Overview Step 1: Create a table based on the original dataset Step 2: Use CTAS to partition, convert, and compress the data Step 3: Use INSERT INTO to add data Step 4: Measure performance and cost differences Summary

Use CTAS and INSERT INTO for ETL and data analysis

You can use Create Table as Select (CTAS) and INSERT INTO statements in Athena to extract, transform, and load (ETL) data into Amazon S3 for data processing. This topic shows you how to use these statements to partition and convert a dataset into columnar data format to optimize it for data analysis.

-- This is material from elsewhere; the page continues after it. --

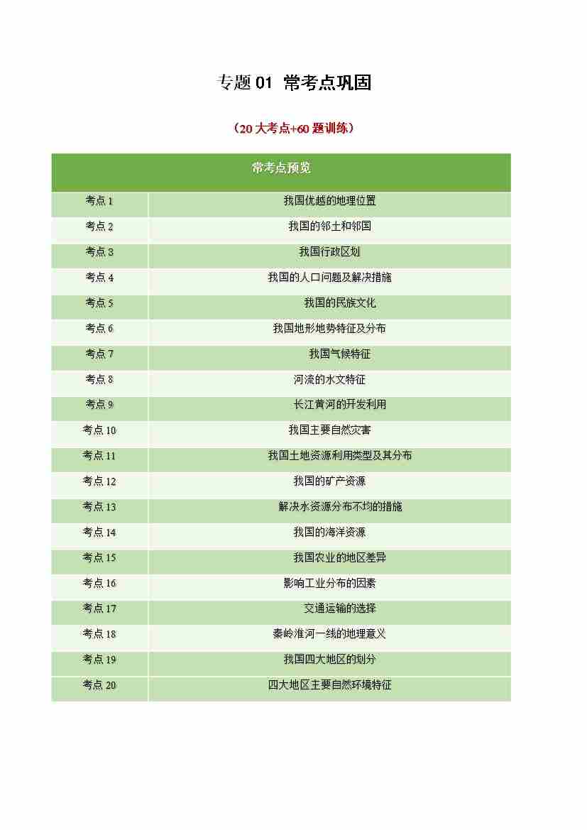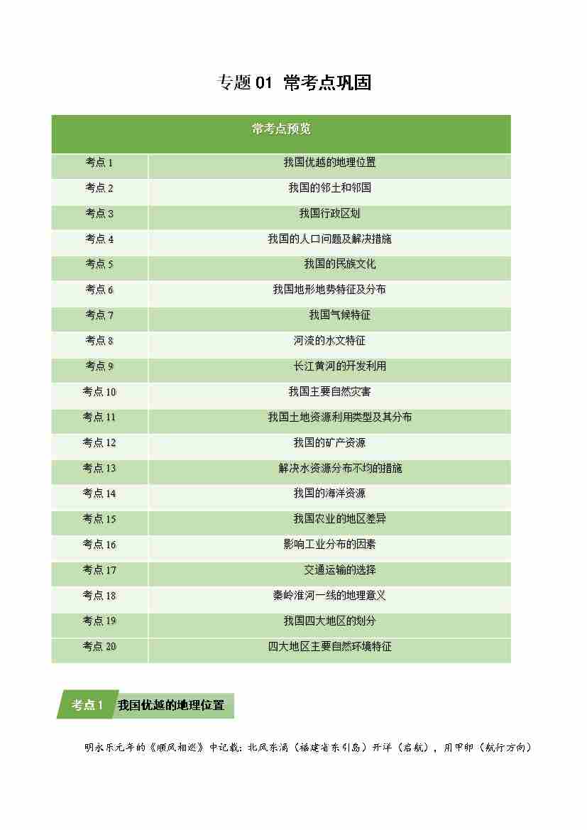 期中知识清单 七年级地理上学期(一~三章)(新湘教版)(学生版)

CTAS statements use standard SELECT queries to create new tables. You can use a CTAS statement to create a subset of your data for analysis. In one CTAS statement, you can partition the data, specify compression, and convert the data into a columnar format like Apache Parquet or Apache ORC. When you run the CTAS query, the tables and partitions that it creates are automatically added to the AWS Glue Data Catalog. This makes the new tables and partitions that it creates immediately available for subsequent queries.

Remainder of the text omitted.